**WHAT IS EXPECTED**
Retype word for word the stretch of entries below from the line that has "Особенности дизайна и" through the line that has "Общая площадь63,82 м²", and omit the pictures.

*** GIVEN DATA Section Begins ***

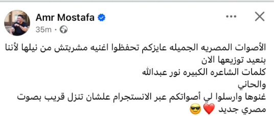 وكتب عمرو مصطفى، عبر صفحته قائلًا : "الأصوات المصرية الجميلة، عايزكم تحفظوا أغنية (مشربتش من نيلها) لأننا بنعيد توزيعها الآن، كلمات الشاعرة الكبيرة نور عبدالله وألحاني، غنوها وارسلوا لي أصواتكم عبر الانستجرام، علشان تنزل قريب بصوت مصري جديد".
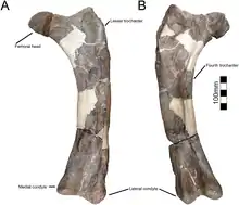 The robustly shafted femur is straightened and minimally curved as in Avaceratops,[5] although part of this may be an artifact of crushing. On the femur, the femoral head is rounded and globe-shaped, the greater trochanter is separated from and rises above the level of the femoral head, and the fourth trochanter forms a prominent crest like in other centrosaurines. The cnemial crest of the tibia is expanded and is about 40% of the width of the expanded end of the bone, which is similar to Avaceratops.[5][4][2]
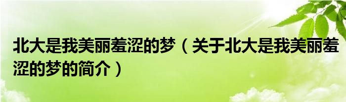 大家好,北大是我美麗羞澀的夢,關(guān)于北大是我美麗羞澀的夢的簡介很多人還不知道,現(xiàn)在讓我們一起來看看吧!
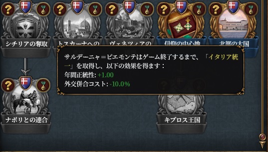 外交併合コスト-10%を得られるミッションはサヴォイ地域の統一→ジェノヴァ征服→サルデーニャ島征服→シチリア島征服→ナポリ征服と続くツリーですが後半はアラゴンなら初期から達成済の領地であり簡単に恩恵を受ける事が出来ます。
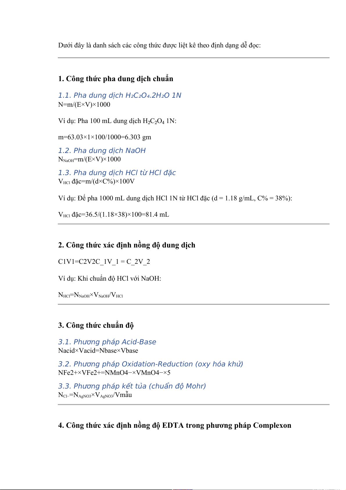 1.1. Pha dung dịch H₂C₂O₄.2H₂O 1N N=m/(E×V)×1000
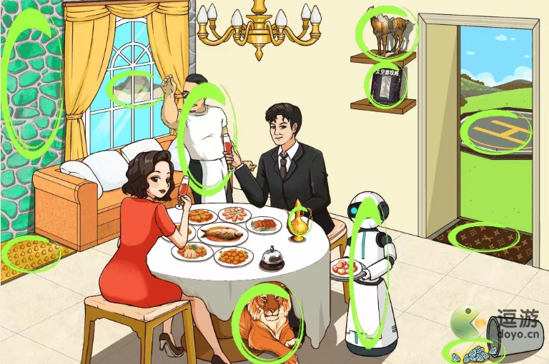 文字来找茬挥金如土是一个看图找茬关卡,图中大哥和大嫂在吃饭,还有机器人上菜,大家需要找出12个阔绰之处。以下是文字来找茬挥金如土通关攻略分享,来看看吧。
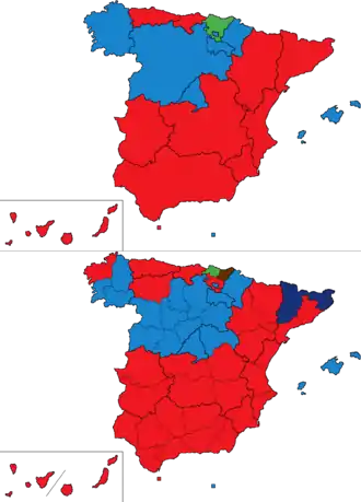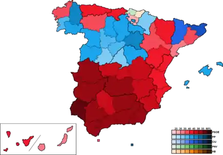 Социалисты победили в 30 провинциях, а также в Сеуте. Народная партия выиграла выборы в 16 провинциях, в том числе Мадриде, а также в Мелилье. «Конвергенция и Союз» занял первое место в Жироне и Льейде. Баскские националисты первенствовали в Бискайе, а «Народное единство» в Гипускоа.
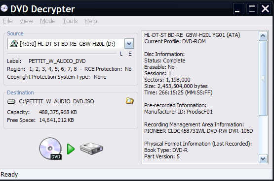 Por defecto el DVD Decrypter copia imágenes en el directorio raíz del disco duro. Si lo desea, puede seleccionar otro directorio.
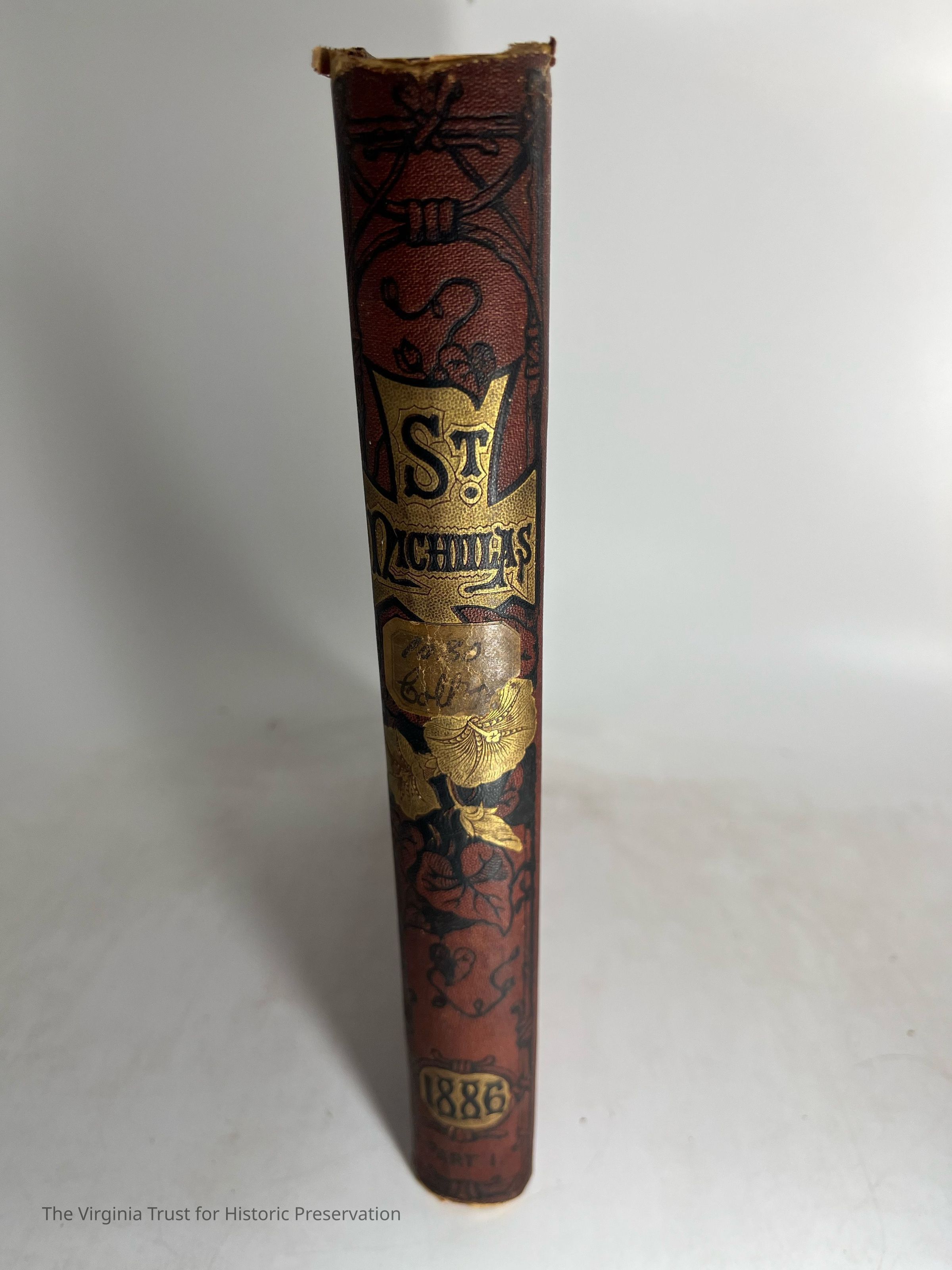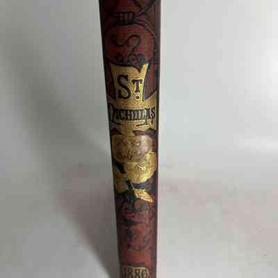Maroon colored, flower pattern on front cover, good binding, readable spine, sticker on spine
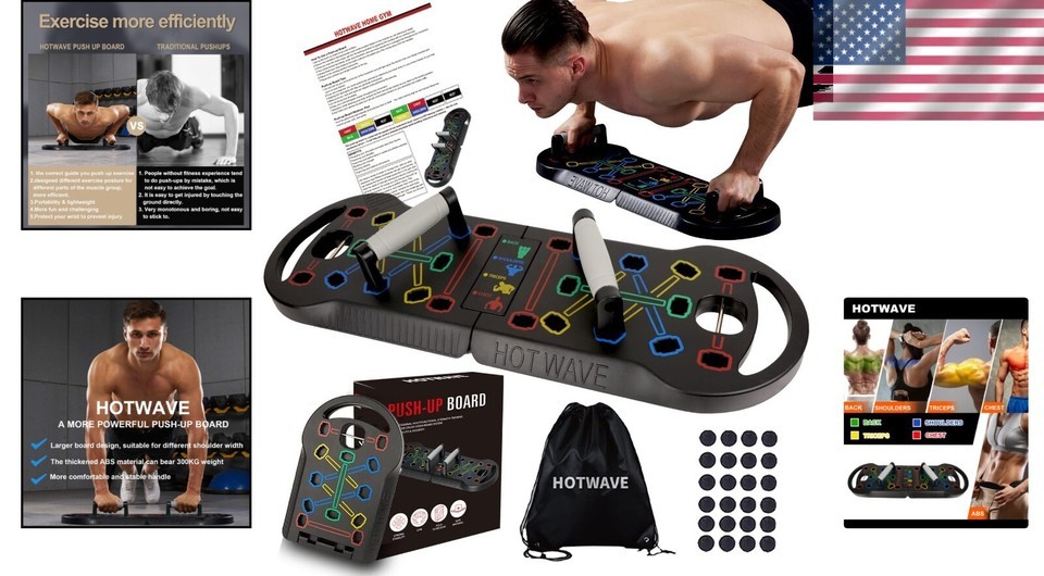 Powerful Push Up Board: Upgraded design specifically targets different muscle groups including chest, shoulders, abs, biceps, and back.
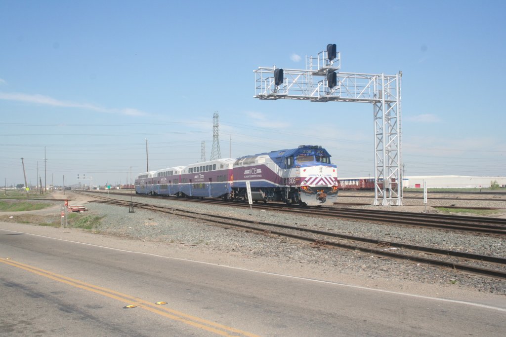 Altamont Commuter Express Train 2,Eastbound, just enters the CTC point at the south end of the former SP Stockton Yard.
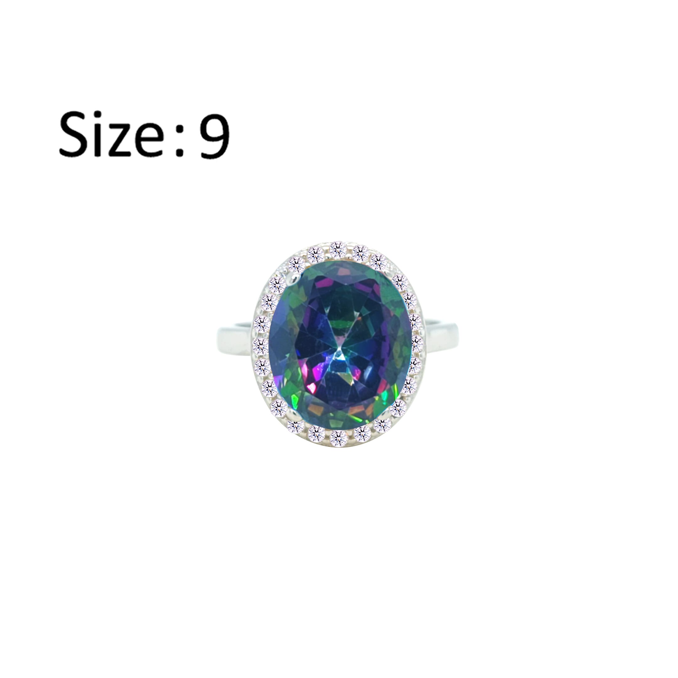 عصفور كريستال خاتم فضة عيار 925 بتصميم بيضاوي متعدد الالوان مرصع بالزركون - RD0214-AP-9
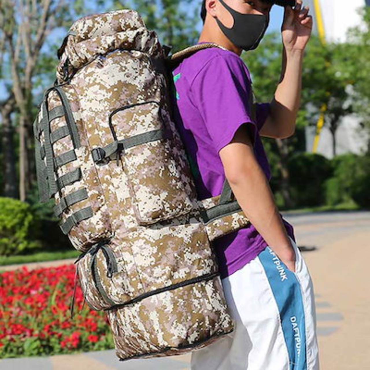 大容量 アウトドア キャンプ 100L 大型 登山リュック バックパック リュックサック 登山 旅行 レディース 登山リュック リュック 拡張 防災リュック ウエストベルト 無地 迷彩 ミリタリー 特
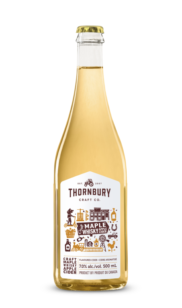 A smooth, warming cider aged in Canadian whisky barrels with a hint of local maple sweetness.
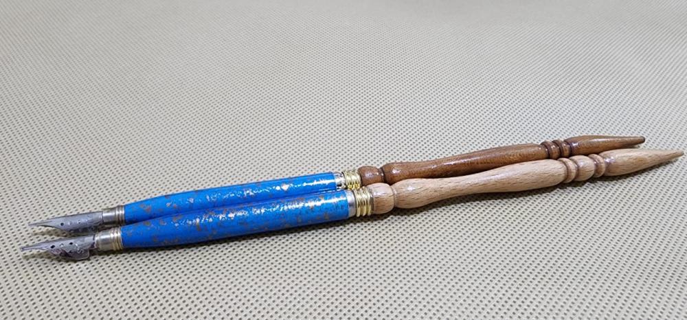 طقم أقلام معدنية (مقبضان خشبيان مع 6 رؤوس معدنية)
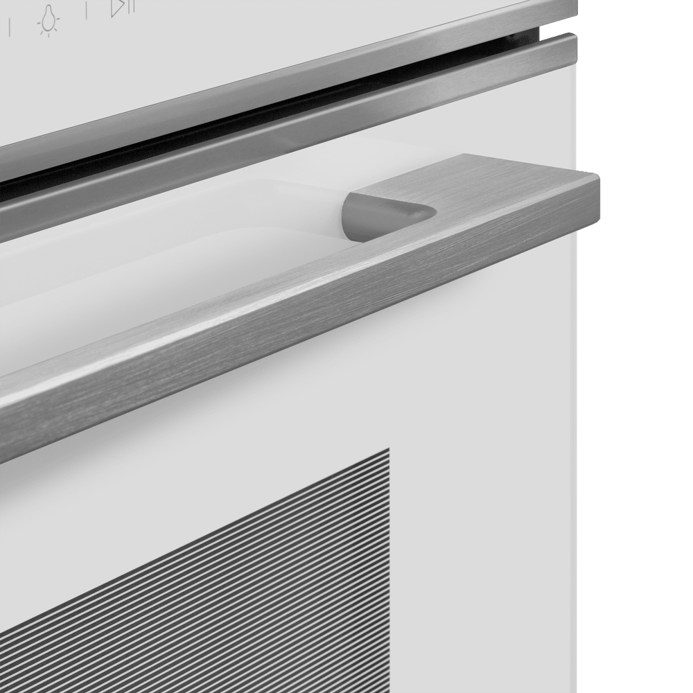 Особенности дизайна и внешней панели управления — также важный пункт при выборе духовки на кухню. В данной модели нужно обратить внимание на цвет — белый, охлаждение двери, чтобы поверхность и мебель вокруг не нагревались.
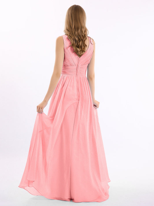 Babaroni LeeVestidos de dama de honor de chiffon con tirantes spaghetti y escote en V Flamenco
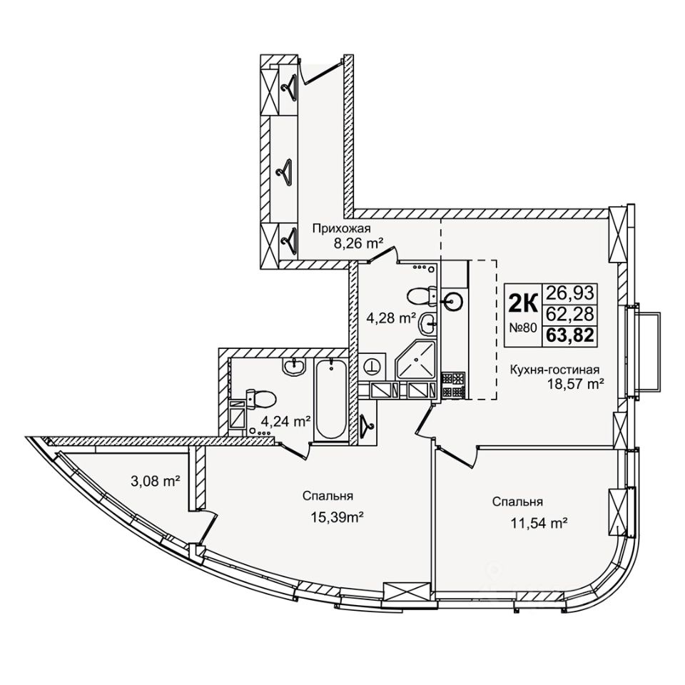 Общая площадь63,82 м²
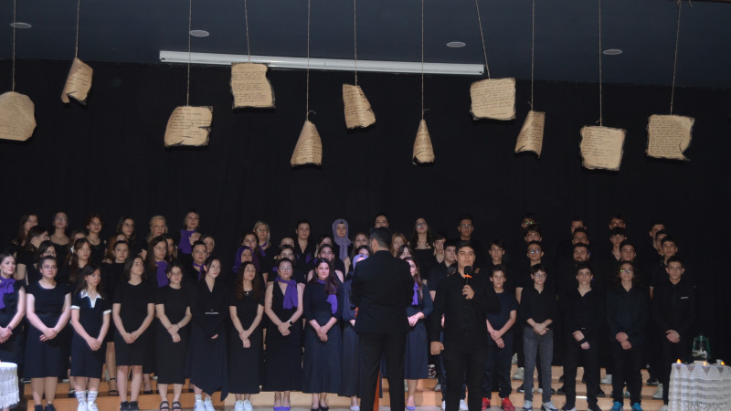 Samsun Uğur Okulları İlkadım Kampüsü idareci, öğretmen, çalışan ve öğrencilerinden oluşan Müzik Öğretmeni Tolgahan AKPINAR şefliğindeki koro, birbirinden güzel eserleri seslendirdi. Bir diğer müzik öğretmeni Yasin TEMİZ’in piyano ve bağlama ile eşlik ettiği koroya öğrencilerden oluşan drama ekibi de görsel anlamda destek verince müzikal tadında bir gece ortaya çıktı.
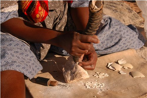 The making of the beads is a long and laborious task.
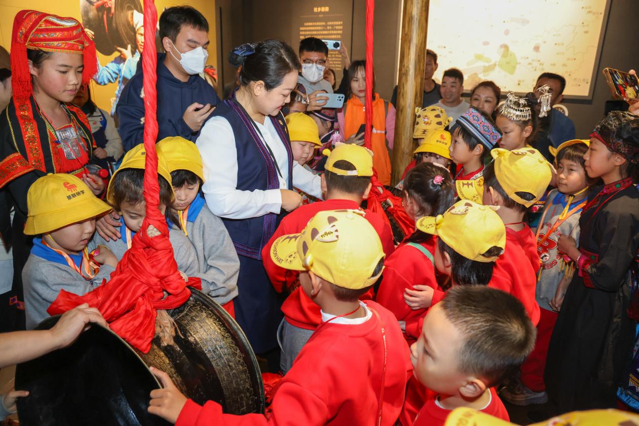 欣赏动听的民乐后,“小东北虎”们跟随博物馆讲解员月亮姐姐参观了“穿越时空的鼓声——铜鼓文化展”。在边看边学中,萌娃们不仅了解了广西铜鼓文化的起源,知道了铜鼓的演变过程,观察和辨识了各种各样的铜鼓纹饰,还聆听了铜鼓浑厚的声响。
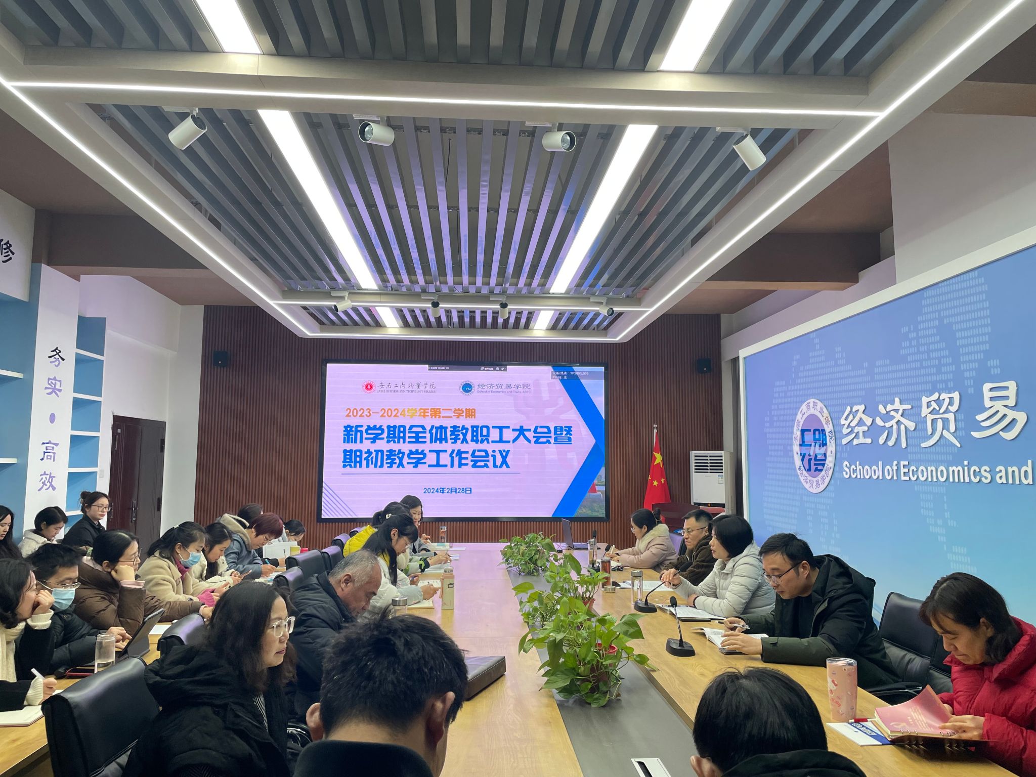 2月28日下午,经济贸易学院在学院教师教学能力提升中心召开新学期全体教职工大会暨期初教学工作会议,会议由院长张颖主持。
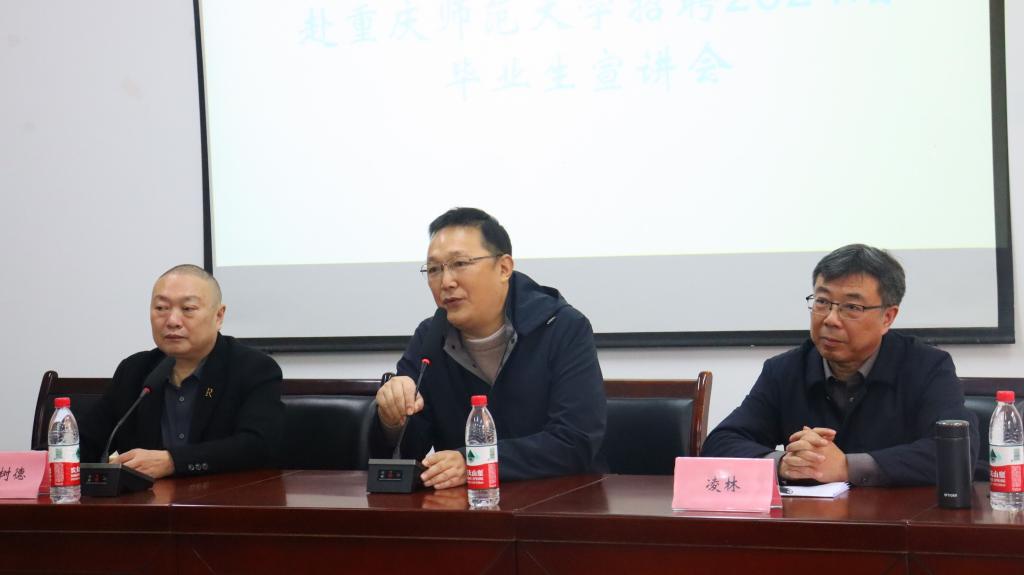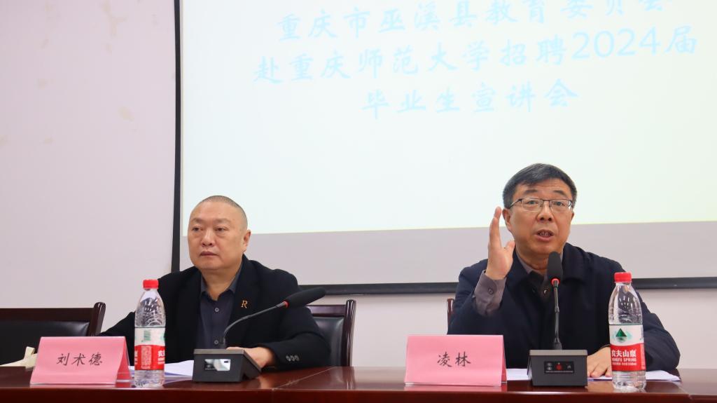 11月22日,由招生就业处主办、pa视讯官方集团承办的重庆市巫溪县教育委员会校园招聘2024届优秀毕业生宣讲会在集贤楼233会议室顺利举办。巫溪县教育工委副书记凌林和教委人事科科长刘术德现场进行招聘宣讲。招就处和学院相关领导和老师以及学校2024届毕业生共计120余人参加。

*** GIVEN DATA Section Ends ***

**RESPONSE TO THIS TASK**
 Особенности дизайна и внешней панели управления — также важный пункт при выборе духовки на кухню. В данной модели нужно обратить внимание на цвет — белый, охлаждение двери, чтобы поверхность и мебель вокруг не нагревались.
 Babaroni LeeVestidos de dama de honor de chiffon con tirantes spaghetti y escote en V Flamenco
 Общая площадь63,82 м²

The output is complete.